Railway  modernization deductions
On railway modernization deductions, the governors, said the Federal Government must “cause all the assets (including contracts) of the Railway Modernization Project, RMP, (which was paid for using a sum total of US$250 million from the Federation Account), to be clearly identified and valued by a competent and reputable accounting firm.”
It would be recalled that the governors had in their substantive suit before the Supreme Court, sought an order declaring the proposed creation of the “Sovereign Wealth Fund”, illegal and unconstitutional.
SWF illegal—Govs
Chief Awomolo, said his clients were forced to approach the apex court for redress in view of the fact that the Federal Government and its officers, had consistently and in total disregard for the pending suit, withdrawn, utilized, disbursed and allocated funds from the account.
He alleged that the Federal Government had nearly depleted the sum of N5.51 trillion being the balance on the account as at 2008 when the case was instituted.
According to the Governors: “The conduct of the Government of the Federation and her officials is a violation of the principle of the Rule of Law and breach of the Independence of the Judiciary and constitutes a violation of the principle of Rule of Law handed down by the Supreme Court in the case of Governor of Lagos V Odumegu Ojukwu (1986) pt 1 NSCC 304 and Rotimi Chibuke Amaechi V INEC (2008) 5 NWLR (PT 1080) 277.”
S-Court adjourns case till Nov 22
They contended that the proposed disbursement of $1billion by the Federal Government, her Minister of Finance and other officers, would create a state of fait accompli and helplessness, if not stopped immediately.
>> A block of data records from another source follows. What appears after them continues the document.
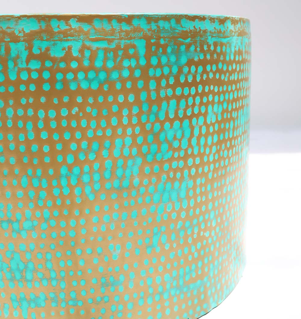 Make a bold statement with this round coffee table in a turquoise patina look with a dotted, textured finish across the top and sides. The drum shape gives a clean, modern feel and a stable surface for drinks, books, or décor. Made from 100% iron, this metal drum coffee table is easy to style in both bright and neutral spaces.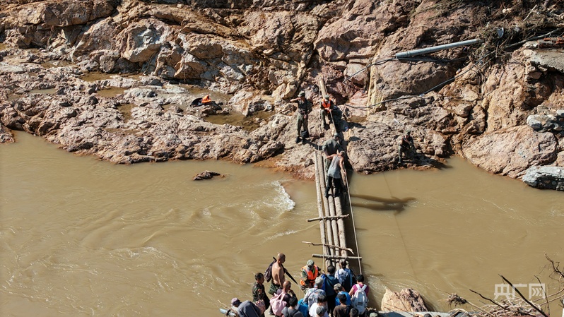 村民從臨時搭建的木橋處轉移出村(央廣網記者 朱冠安 攝)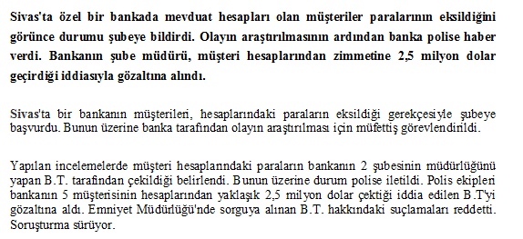 Sivasta bir bankanin muduru 2,5 milyon dolari zimmetine gecirdigi iddia ediliyor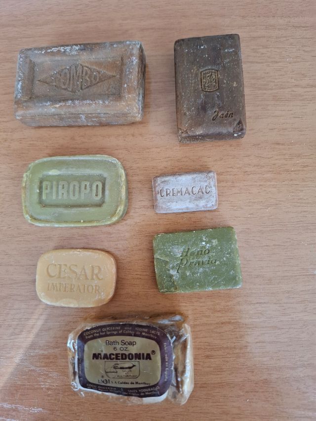 En buen estado,diferentes pastillas de jabón pequeñas sin envoltorio.De colección. Marcas:Tombo,piropo,césar imperator,cremacao, heno de previa...Entrega en Leganés. Hago envíos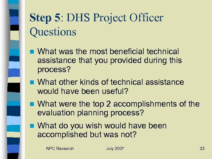 Step 5: DHS Project Officer Questions n What was the most beneficial technical assistance that you provided during this process? n What other kinds of technical assistance would have been useful? n What were the top 2 accomplishments of the evaluation planning process? n What do you wish would have been accomplished but was not? NPC Research July 2007 22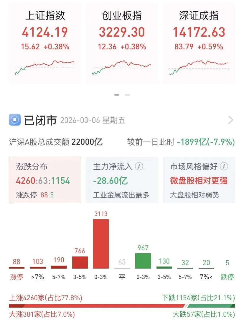 • 三大指数低开高走、集体收涨,深市强于沪市,个股普涨(超4200只上涨)。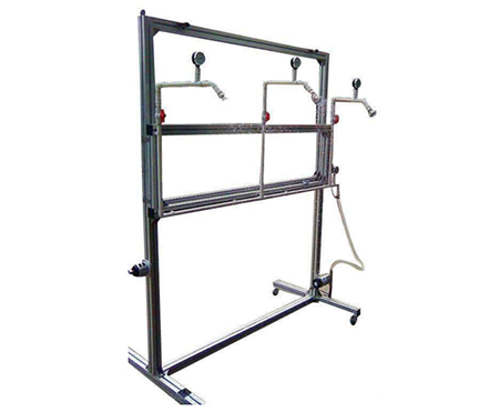 UL喷淋试验装置管道夹角,尺寸,喷嘴符合UL1278标准图49.1,图49.2及条款49要求;水压由供水机通过触摸屏控制;喷嘴符合UL1741、UL1278、UL1598灯具标准及相关条款要求。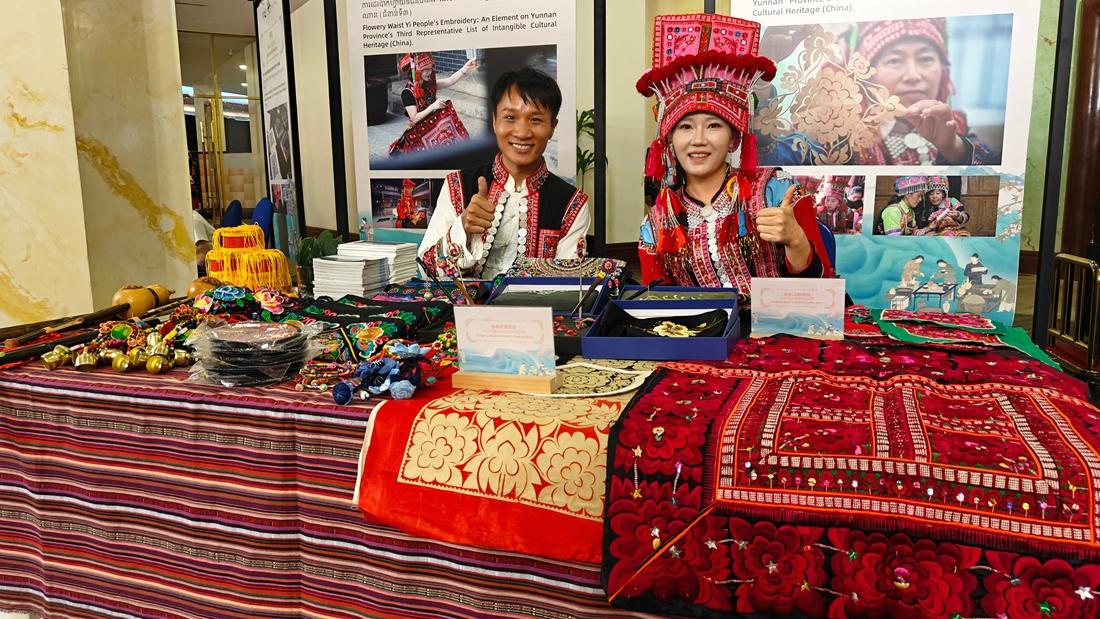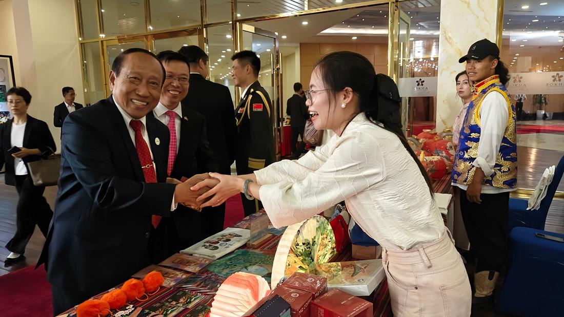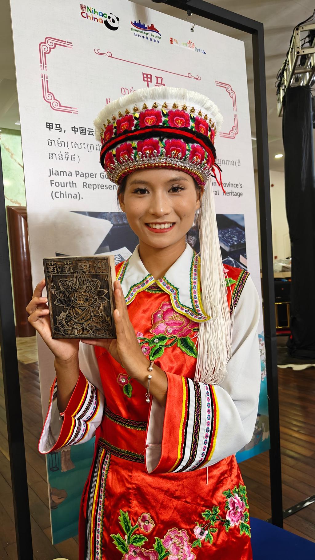 Yunnan specialty teas such as Pu'er tribute tea, Dianhong tea, and De'ang sour tea were highly appreciated. Yunnan cultural inheritors talked with their Cambodia peers and the reception attendees, who were impressed by the Bai woodcarving, Dai traditional papermaking, and Naxi Dongba paintings.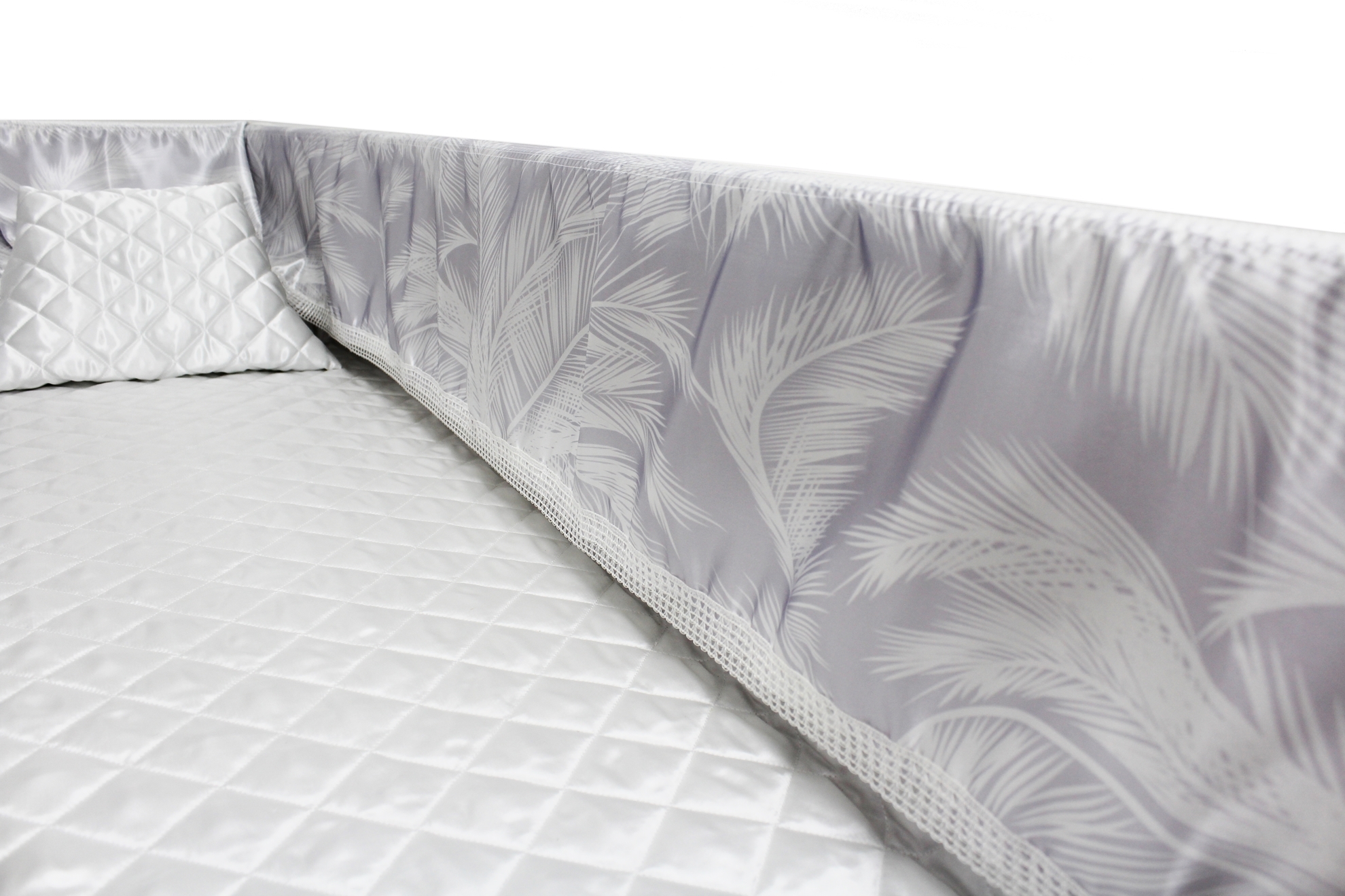 Luxury Satin 18-inch 2-way frill consisting of a 12-inch internal frill with an additional 6-inch exterior frill. The chosen design will be printed on the 18" 2-Way Frill. Please note the image shows a mattress and a pillow which are NOT included. Image is to illustrate style of Interior Only.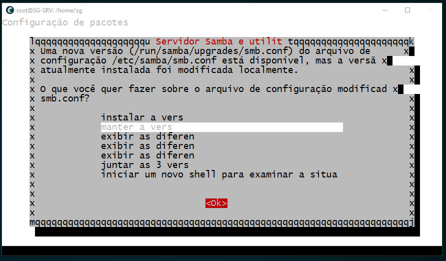 NESSA TELA ESCOLHER OPÇAO INSTALL SG-SRV UBUNTU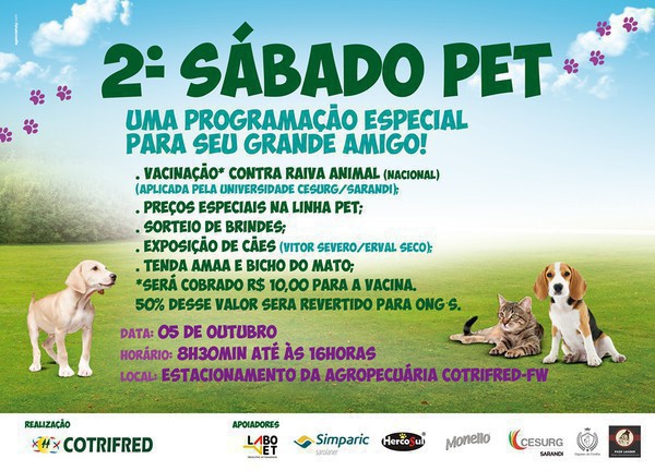 Neste sábado, 5 de outubro, a Cotrifred realiza a segunda edição do Sábado Pet, o evento será realizado no estacionamento da Agropecuária em Frederico Westphalen das 8h30 às 16h e não haverá pausa ao meio dia.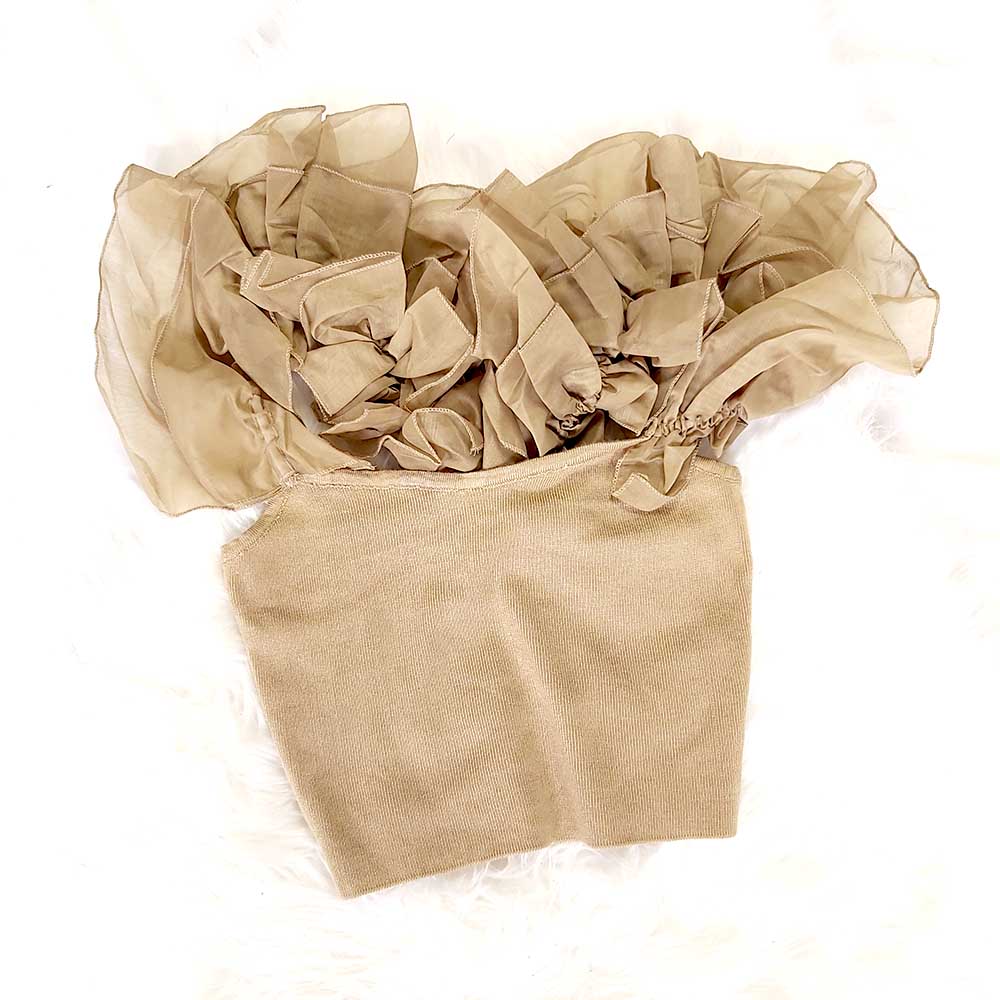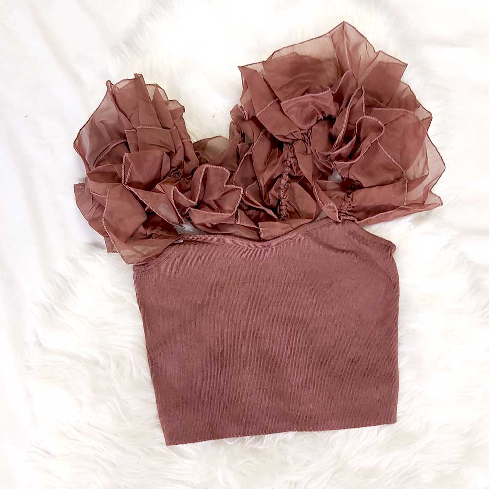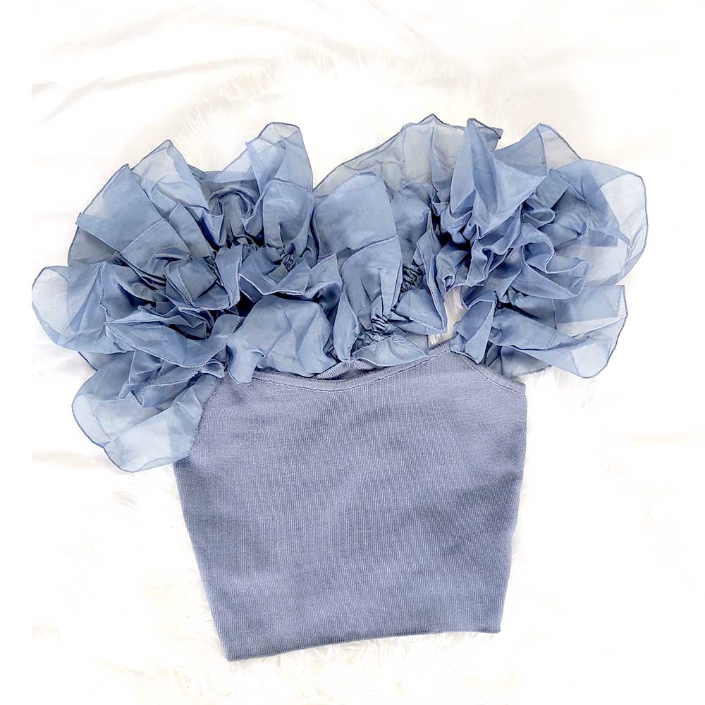 Camiseta de canalé con los tirantes de gasa en forma de volante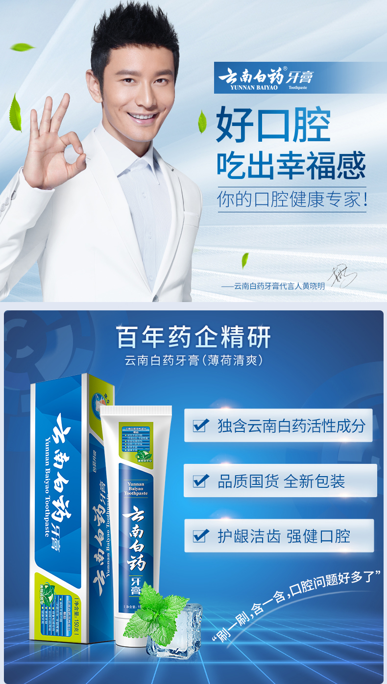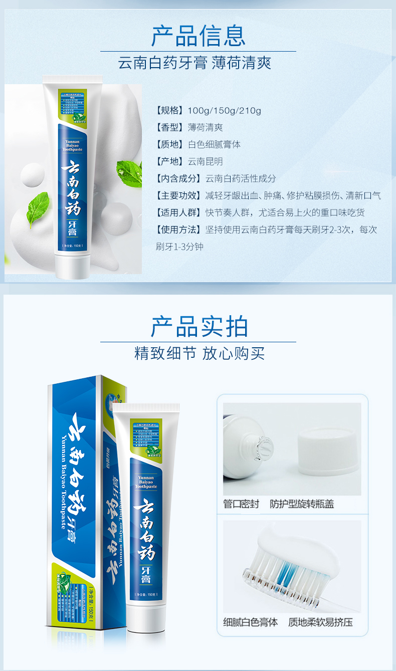 云南白药 牙膏 薄荷清爽型牙膏100g牙龈出血肿痛口气清新去口臭异味

“It is in the interest of justice, preservation of integrity of the Supreme Court and the Rule of Law that this application be granted”, they prayed.
The governors had among others things, sought for an order compelling the Government of the Federation to pay into the Federation Account the sum of N5.51 trillion being the balance of the sum which accrued to the Government of the Federation during the period 2004 and 2007 from the proceeds of crude oil sales, petroleum profits tax and oil royalties which the Government of the Federation classified as “excess crude proceeds” and “excess PPT and Royalties” and paid into an account which was styled “Excess Crude Account.”